David Calnitsky is an Assistant Professor in the department of sociology at the University of Western Ontario. His research interests include: work, poverty, inequality, social theory, economic sociology, social policy, and gender and he has authored multiple publications on the Manitoba Basic Annual Income Experiment, or Mincome. Most recently, he wrote an article, Basic Income in a Pandemic and Beyond.
Jim Pugh is a co-founder of the Universal Income Project. He heads outreach for the organization, working to drive a larger popular narrative around basic income, connecting with stakeholders in new communities, and building strategic partnerships. He is also the founder and CEO of ShareProgress, a social-good startup that helps progressive organizations use the power of data and technology to grow their base and win their campaigns.
Juliana Bidadanure is an Assistant Professor of Philosophy at Stanford University and the Faculty Director of the Stanford Basic Income Lab. Her interests lie at the intersection of Philosophy and Public Policy. She has written on the value of equality, intergenerational justice and Universal Basic Income. She recently wrote The Political Theory of Universal Basic Income for the Annual Review of Political Science.

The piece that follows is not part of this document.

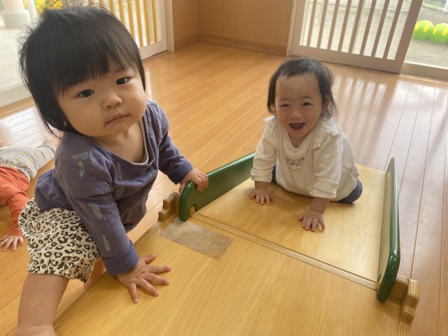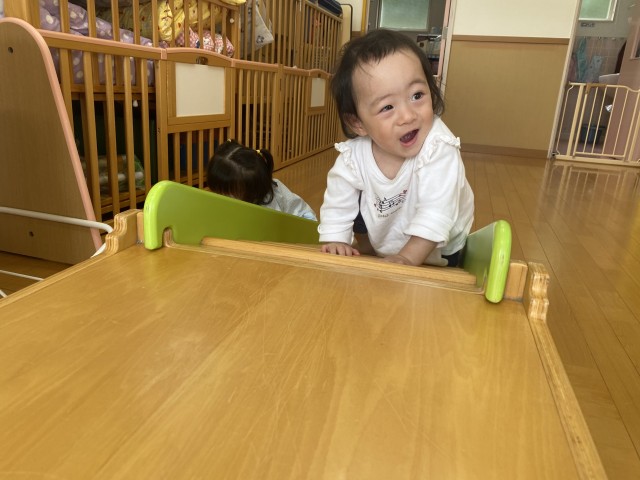 てっぺんで得意げな顔を見せたり、保育士と目が合ってにっこりしたり、それぞれのペースで、楽しいひとときを過ごしました♪

Miranda Perry Fleischer is a Professor of Law and Co-Director of Graduate Tax Programs at the University of San Diego. She joined the USD School of Law faculty in 2013 and has also taught at the University of Colorado Law School, the University of Illinois College of Law, and at NYU Law School (where she served as assistant editor of the Tax Law Review). She recently co-authored The Architecture of a Basic Income in the University of Chicago Law Review.
Sheida Isabel Elmi is Research Program Manager at the Aspen Institute’s Financial Security Program (FSP). She manages FSP’s Consumer Insights Collaborative, an effort across nine nonprofits to collectively understand and amplify data about the financial lives of low- and moderate-income households. She also supports research efforts related to employer-sponsored benefits and other topics connected to short- and long-term financial stability and security.

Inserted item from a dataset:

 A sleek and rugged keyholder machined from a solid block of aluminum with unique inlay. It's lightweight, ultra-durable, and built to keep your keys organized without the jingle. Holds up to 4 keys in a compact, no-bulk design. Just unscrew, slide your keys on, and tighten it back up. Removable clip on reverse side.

Ugo Gentilini is a Senior Economist with the Social Protection and Jobs Global Practice and the Global Lead for Social Safety Nets at the World Bank Group. Over the past 15 years, he worked extensively on the analytics and practice of social protection, including in relation to urbanization, economic crises, labor markets, subsidy reforms, fragility and displacement, resilience and disaster risk management, food security and nutrition, and human development. He most recently co-authored Exploring Universal Basic Income: A Guide to Navigating Concepts, Evidence and Practices.